Slowly, perhaps too slowly, people in Connecticut are beginning to understand that government, as a rule, is a dangerous instrument – somewhat like an AR15 in the hands of a rage-filled child – and that the usual, time honored relationship between government and the people, always and everywhere in the world, is an inverse one: the richer the government, the poorer the people; the more creative the government, the duller the people; the larger the government, the smaller the liberties of the people.

This is not to say that government in a true republic, restrained, as it is in the United States, by the barriers of a Constitution shaped by the political geniuses of the 18th century, a living rather than a dead Constitution, will have nothing to do in a sorry world bristling with dangers.

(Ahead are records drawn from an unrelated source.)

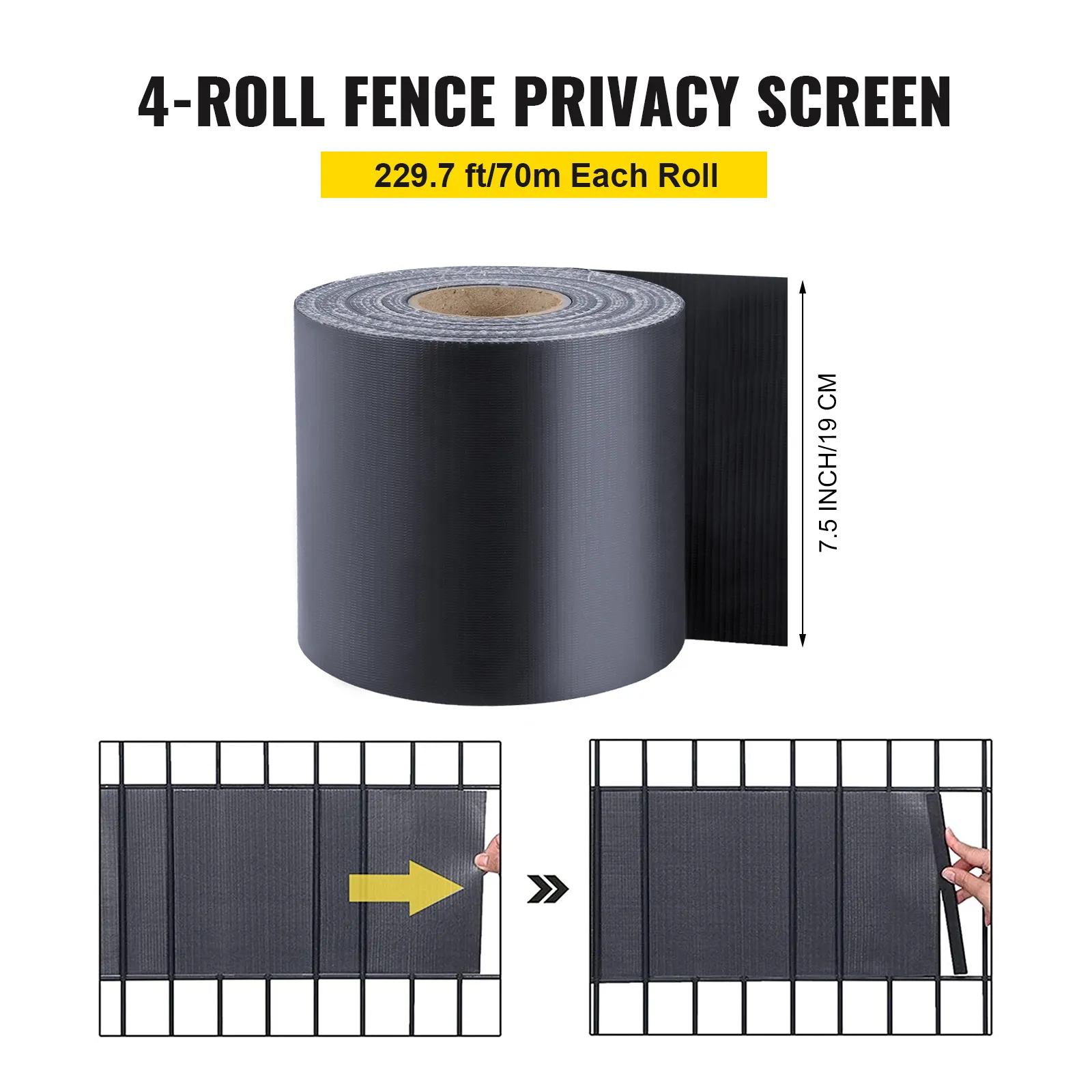 Diese Auflistung enthält Vier-Rollen-Sichtschutzgitter mit einer Länge von 70 m pro Rolle. Breite des Zaunbildschirms: 19 cm. Sie können ihn auf eine passende Größe für Ihren Zaun zuschneiden.
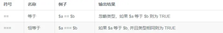 注意: === 运算符‘类型比较相对安全’, 仅当两个值具有相同的类型和值时才会返回 TRUE, 使用 == 时,值相等就会返回 TRUE。
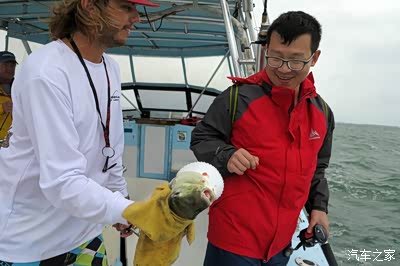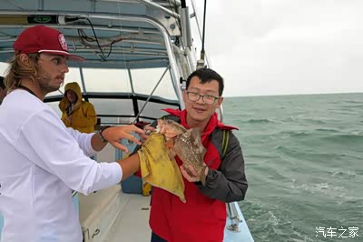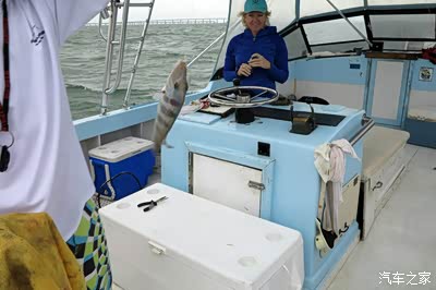 这是一条小船,只有6个人出海,我和儿子,另外是一家妈妈带三个孩子,一上船我就让儿子给我要件救生衣,这大风雨天出海,我还是很关爱自己的老命的,别是鱼没钓来,我成的鱼饵,那就太太遗憾了,世界那么大!还等着我去看看呢!可人家帅哥说根本用不着,我的心啊,就一直伴着发动机的突突声坐着游艇出发了!
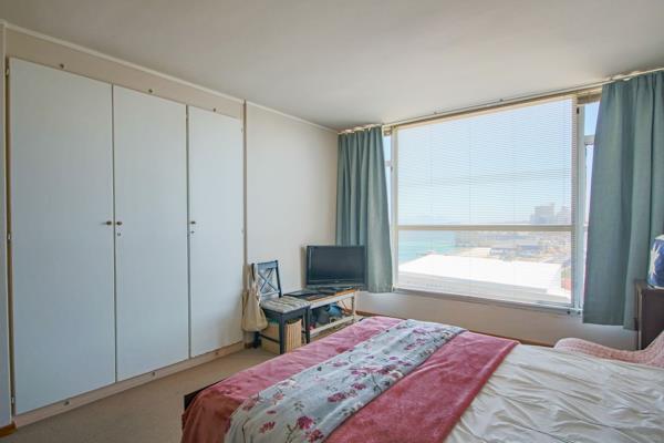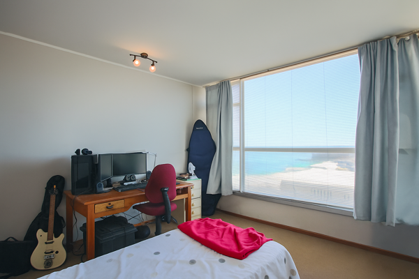 The main bedroom is generously sized and filled with natural light, featuring panoramic views of the sea and beachfront, along with an en-suite bathroom complete with a bath-and-shower combo.
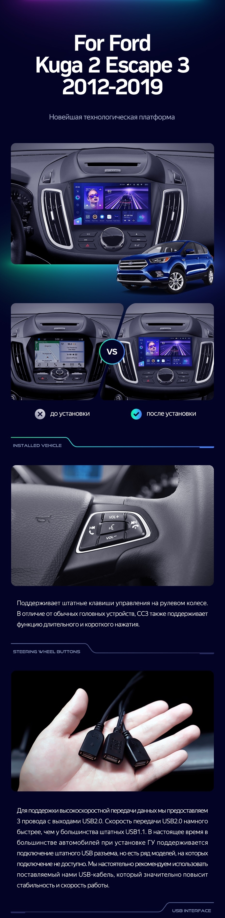 Штатная магнитола Teyes CC3 4/32 Ford Kuga 2 (2012-2019) Тип-B - купить всего за 36 030 руб. в интернет-магазине во Владимире Teyes.com.ru. ✓ Самый лучший выбор мультимедиа ✓ Лучшая замена штатному ГУ ✓ Тел. +7 (800) 775-31-74
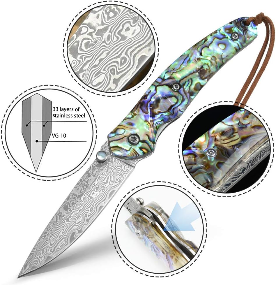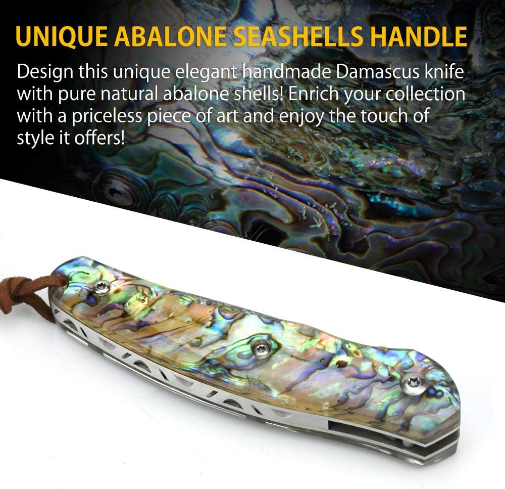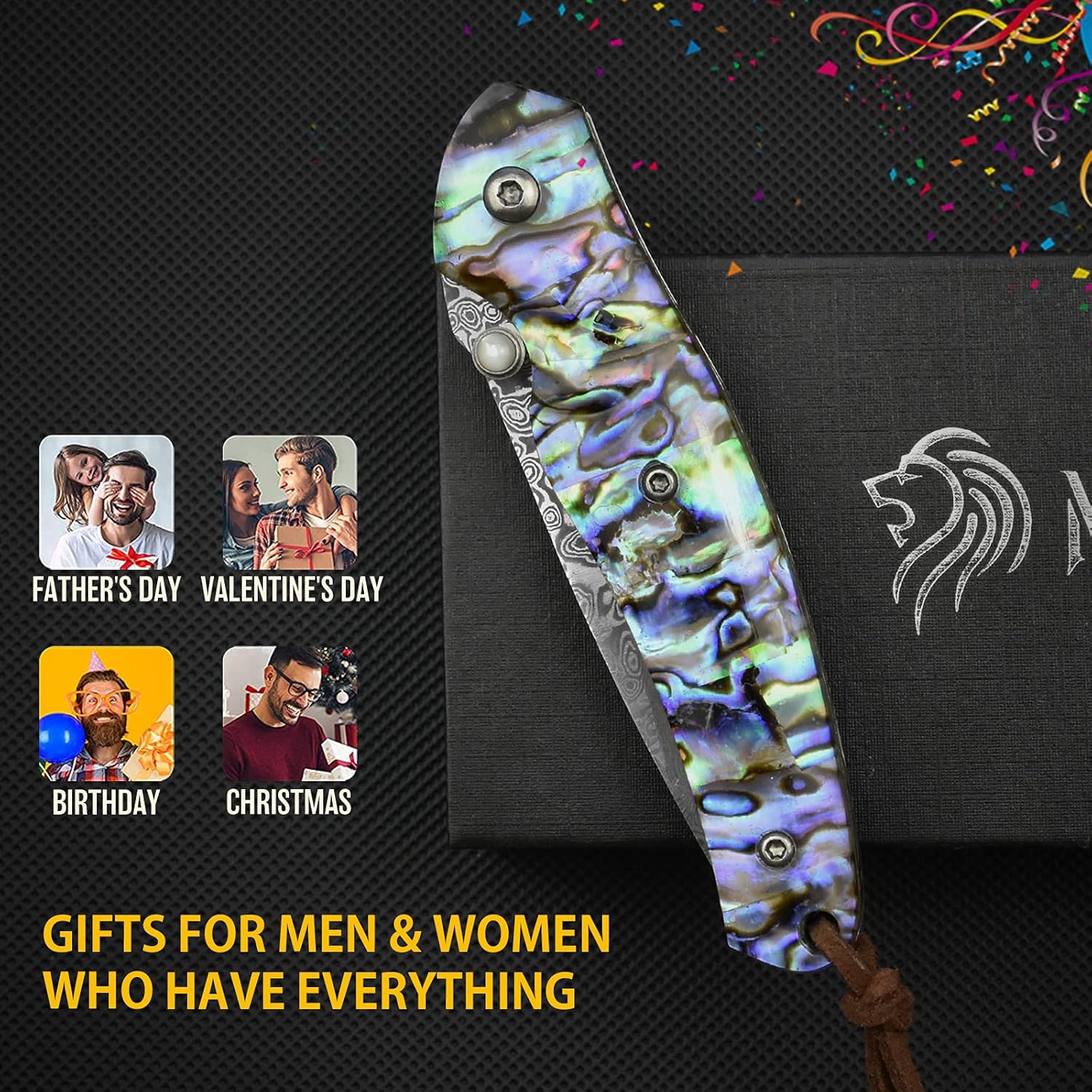 The NedFoss Damascus Pocket Knife features a 67-layer Damascus steel blade and colorful abalone resin handle for comfort and style. Foldable with a liner lock, this lightweight knife is perfect for EDC, camping, hiking, and survival. A premium gift choice for men, women, and collectors alike.

It simply means that governments – national, state and municipal – must not deprive the people of their sacred liberties, that precious fire that glows like a perpetual flame in the breast of a free people. To be free is to be self-governing and self-reliant. Governments that can do everything for you will, over time, fashion you into an unthinking robotic pawn, a subject of concentrated force. This is the predominant message of the 18th, 19th and 20th centuries -- government is the servant and not the master of the people.

Often called “the people’s lawyer,” Connecticut’s Attorney General, William Tong, was in fine fettle at the State Democrat Party’s "Unity Rally," held this year at the Connecticut State Veterans Memorial at Minuteman Park in Hartford last Saturday.

Tong appeared along with the usual squad of incumbent state office holders to kick off the Democrat 2020 campaign season.

Connecticut’s Attorney General warned residents of the state, “This is an extraordinary and extraordinarily serious and dangerous moment for all of us here in Connecticut and in this country. They [Republicans] will come for us just like they will come for our climate change laws and our environmental protections, just like they’re coming for our gun laws. They will come for our codification of Roe. They will come for our freedoms.”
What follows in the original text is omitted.